Genellikle adet kanaması sırasında cinsel ilişki
tabu olarak görülür. Bu düşünce, çoğunlukla çok
derinlerde gizli, kör inançlara ve adet
kanamalarının pis bir olay şeklinde açıklandığı
dinsel kurallara dayanır. Biz bu sorunu tıp
açısından hareket ederek inceleyeceğiz. Psikolojik uyarılma dışında, kadının bedensel
arzulan banyo yapınca olduğu gibi, cinsel
organlara kanın toplanmasıyla, doğal yoldan
artar. Cinsel arzuların adet kanamasından birkaç gün öncesinde ve kanama sırasında artması
doğal karşılanmalıdır. Çünkü cinsel organlar kanla
doludur. Fakat olası ağrılar yüzünden kadın, doğal olarak
oluşan isteklerini dizginler. Hiç bir rahatsızlık
duymasa bile, yalnızca kanama olduğu için
arzularını bir kenara atar. Bu nedenle, birçok
kadın, adet kanaması sırasında cinsel ilişkide
bulunmayı reddeder, fakat okşanmayı, kucaklanmayı ister. Böyle uyarılmaların rahim
üzerinde bazı etkileri olabilir ve kanamayı
artırabilir. Bazı erkekler, adet kanaması olan kadınları arzular. Fakat birçok koca, kanamanın başladığını
duyunca, gizliden gizliye derin bir nefes alır.
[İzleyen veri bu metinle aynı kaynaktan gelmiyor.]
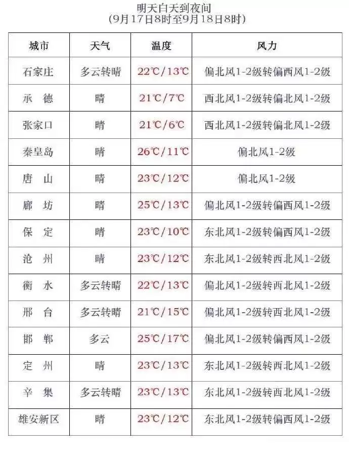 明天夜间到18日,保定西部、石家庄、邢台、邯郸晴转多云,其他地区晴间多云。

Çünkü bu süreyi kendilerine dinlenmek için bir
ara olarak görürler. Fakat adet kanaması beş veya
daha fazla gün sürdüğü için, içlerinden birçoğu,
bunun bir an önce son bulmasını arzular. Bu erkekler kendi kendilerine, bütün bu kanama
süresince perhiz yapıp yapmamaları gerektiğini
sorar ve eğer gerekmiyorsa, hangi önlemlere
uymalarının doğru olacağına kafa yorar.